张道一《造物的综合之美》、《中国审美的意蕴》两文认为“美”字跟古人以羊肥大或量多作为财富有关,即认为“美”跟财富观念有关,是为“羊大为美”,两文分别见江苏美术出版社1996年版《艺术学研究》第二集第2页、东南大学出版社2009年版《张道一选集》第76-77页。然该说亦属猜想而已,根本无证据证明“美”跟财富观念有关(“家”字亦非以“豕”作财富而以“豕”作牺牲或供品,“家”源于祭祖,衍为指血缘型社会结构)。“美”观念其实跟财富观念无任何生成关系,财富意义上的美好与“美”字本义及今义全然无关。“美”完全是起源于视觉形象及视感评价而已,与其他无关。
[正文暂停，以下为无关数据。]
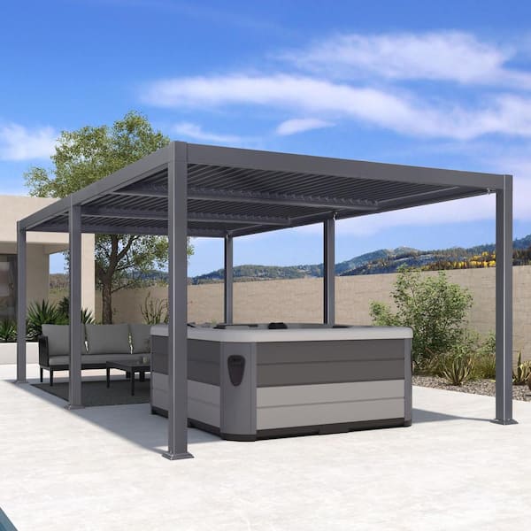 11.7 ft. x 21.2 ft. Gray Aluminum Outdoor Louvered Pergola with 3 Individual Adjustable Roofs and In-Built Gutter System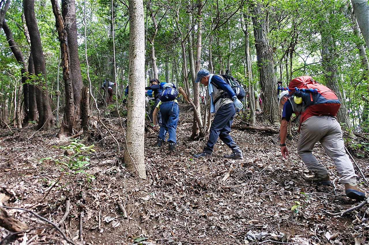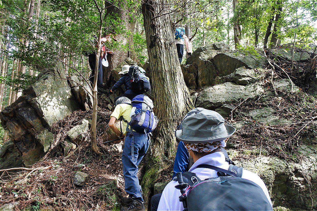 | 岩場を越える。 | 急斜面。 | 育代山。 |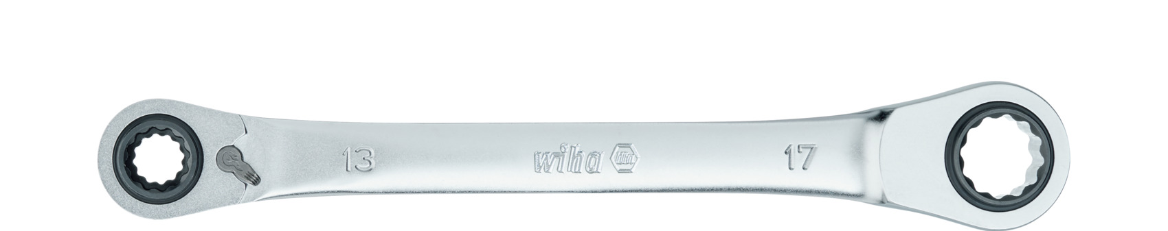 A szorosan meghúzott csavarok meglazítása óriási erőfeszítést igényel. A Wiha duplagyűrűs racsnis kulccsal a felhasználó könnyedén megnyithat bármilyen csavarkötést az emelőhatás révén. A négy különböző kulcsnyílásnak köszönhetően a felhasználónak egyetlen szerszámra van szüksége a 10/13/17/19 mm-es csavarprofilokhoz. Ez minimálisra csökkenti a felszerelésének súlyát, és helyet szabadít fel a szerszámosládában további felszerelések számára.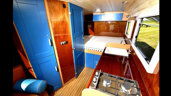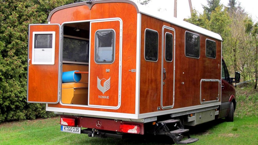 Dışarısı ve içerisinde yer alan neredeyse tüm ana parçaları maun detaylardan oluşan karavan projesiyle birlikte kullanıcılar bir dağ evi tadında bir yapıyı istedikleri her yere taşıma imkanına sahip oluyor. Tonke’nın tanıtım amacıyla Mercedes-Benz Sprinter tabanlı olarak geliştirdiği projeyi aynı zamanda FIAT Ducato versiyonuyla da almak mümkün. Elektrik enerjisinin desteği için güneş panellerinden yardım aldığını gördüğümüz Tonke; 260 litrelik bir su deposu, ocak, fırın, çift kişilik yatak gibi olmazsa olmaz bölümleri de es geçmiyor. İki yıldır üst üste kendi sınıfında ödül almayı başaran Tonke’nin sayfasına buradan ulaşarak diğer tasarımını inceleyebilirsiz.
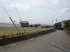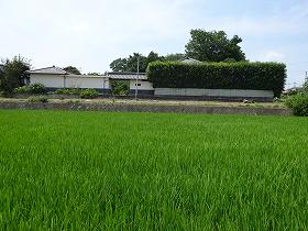 大下屋敷は、群馬県立高崎高等特別支援のすぐ西側の微高地上にあった。東側の特別支援学校の方から見ると、屋敷跡は一段高い地勢にあり、手前の水田がかつての堀跡だったのではないかと思わせる。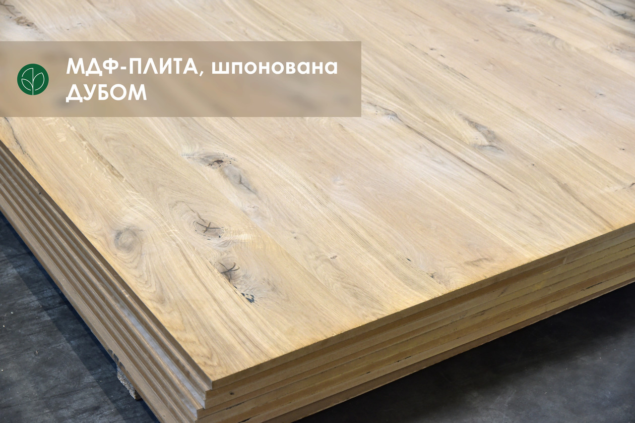 - Калібрування. МДФ-плити проходять акліматизацію і калібруються до наклеювання натурального шпону дуба в сучках (під паркет).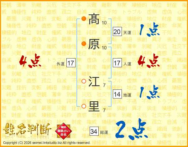 髙(10画)原(10画) 江(7画)里(7画)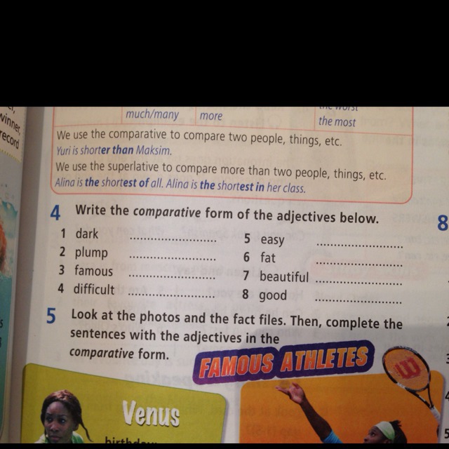 Нужно написать высшую ступень сравнения. Это делается путем добавления окончания -er. Например- short-shorter(в коротких словах где подряд согласная-гласная-согласная происходит удвоение:fat-fatter). В длинных словах мы добавляем more. Например- more beautiful. возможны и исключения. Например- good-better, bad-worse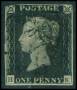 1840. 1 d. grey-black (Worm-plale) B-I, bredrandet. SG. (3) 500 £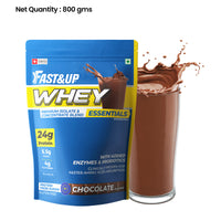 Fast&Up Whey Essentials is formulated with Ultra - Filtration technology and is 100% premium quality whey protein blend of isolate and concentrate grass fed whey sourced from Europe. It provides 24g protein, 5.5g BCAA and 4g Glutamine for better muscle strength, endurance and recovery. In addition, the added digestive enzyme helps to improve digestion by limiting irritability resulting from protein indigestion or stomach upset commonly observed with protein powders available in the market.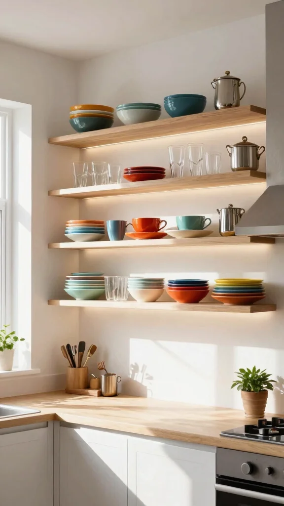 Embracing vertical space is essential for small kitchens, and open shelves serve as a stylish solution. By positioning shelves above your countertops, you create a blend of practicality and aesthetic appeal, showcasing your favorite kitchen items while keeping essentials within reach. Imagine displaying colorful dishware or neatly stacked cookbooks against a warm backdrop of painted walls or natural wood finishes. This design element not only maximizes storage but also enhances your kitchen’s character and warmth.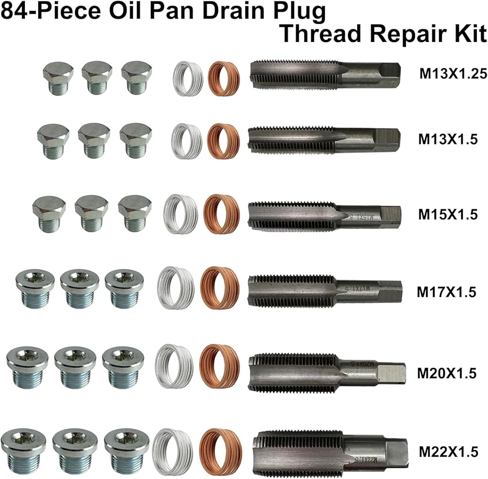 TR TOOLROCK 84 قطعة طقم إصلاح قابس تصريف الزيت، طقم إصلاح قابس تصريف الزيت المتري، M13 M15 M17 M20 M22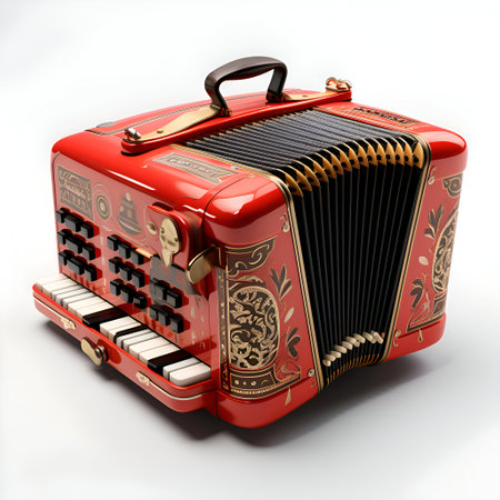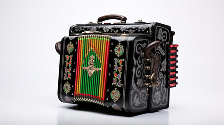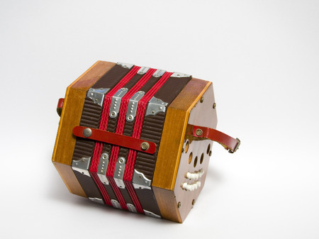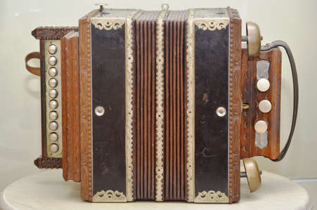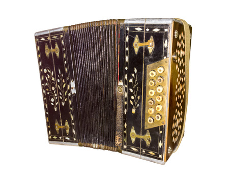 Old accordion isolated. Vintage harmonic. Retro button accordion musical instrument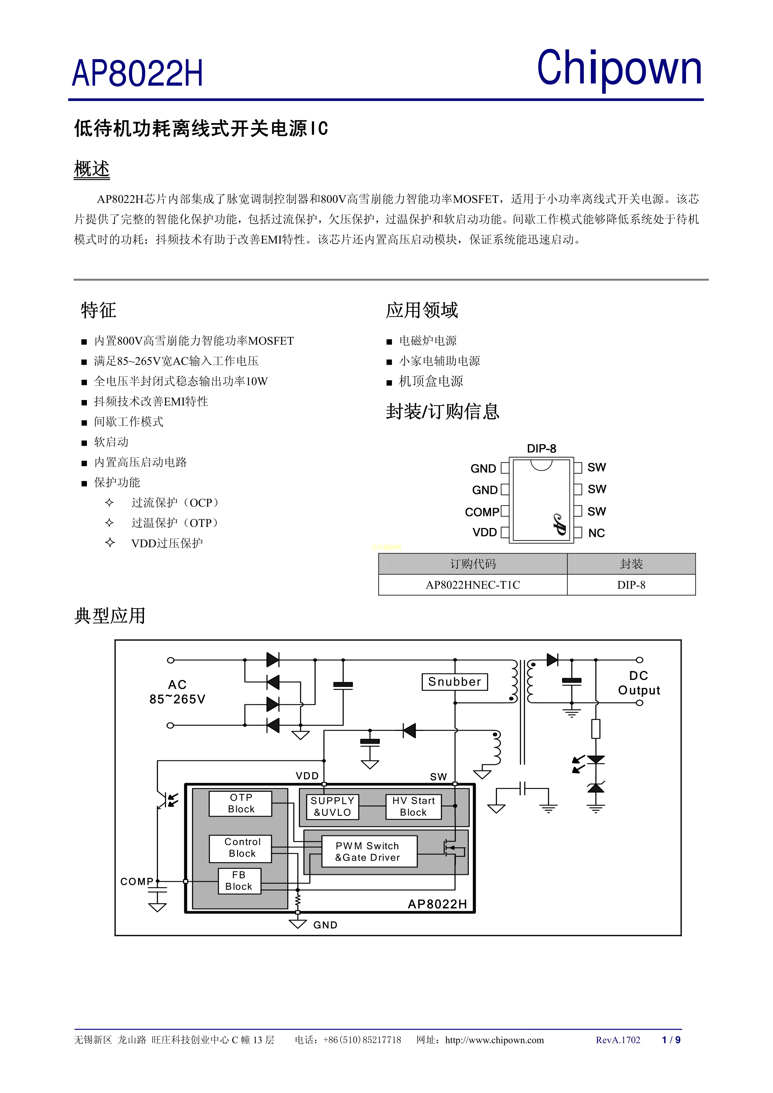 AP8022HNEC-T1C数据手册DIP-8封装chipown(芯朋微电子)PDF规格书,中英文下

另外,以男女交媾解释“中”字是荒谬的,“中”非前述于弢《中国古钟史话》所谓摹写男根插入女阴之状,而且“钟(鐘)”字、古人用钟实皆和男女交媾无关。“中”字一般解释为摹写“建旗立中”,然实际上“中”字的初形初义,尤其《论语》“天之历数在尔躬,允执其中”之“中”等,并非后儒所谓“中庸”或“无过不及之名”之“中”,实本是“观日测影”之标杆即表槷而已。甲骨文、金文“中”之“〇”或“口”部都表示太阳,而“∣”符表示立杆,立杆“∣”上的上下端同一方向皆有的旒苏、旒绥模样之画痕实皆指太阳照射在立杆上所产生光影效果,此正如从“彡”之“影”字,见林桂榛《〈论语〉〈孟子〉天文学知识与汉注等之谬》一文详述(《中原文化研究》2020年第6期)及林桂榛《揭开清华简〈保训〉四“中”字及篇旨之谜》(古学堂林桂榛微信公众号,2020年5月21日发布)。
④另参:唐红丽:《中国傩:戴着面具从远古走到今天》,《中国社会科学报》第242期,2011年11月29日,第6版。
⑤朱光潜说:“‘艺术’(art)这个词在西文里本义是‘人为’或‘人工造作’。艺术与‘自然’(现实世界)是对立的,艺术的对象就是自然。就认识观点说,艺术是自然在人的头脑里的‘反映’,是一种意识形态;就实践观点说,艺术是人对自然的加工改造,是一种劳动生产,所以艺术有‘第二自然’之称,自然也有‘人性’的意思,并不全是外在于人的,也包括人自己和他的内心生活。”(《朱光潜全集》第五卷第301页,安徽教育出版社,1989年)
⑥另参:叶朗:《中国传统美学对现代美学的几点启示》,《解放军艺术学院学报》2004年第1期。
⑦另参:马赫:《力学的发展》,载《现代西方哲学论著选辑》上册,商务印书馆,1993年,第35-48页。
⑧另参:黄兴涛:《明末清初传教士对西方美学观念的早期传播》,《文史知识》2008年第2期。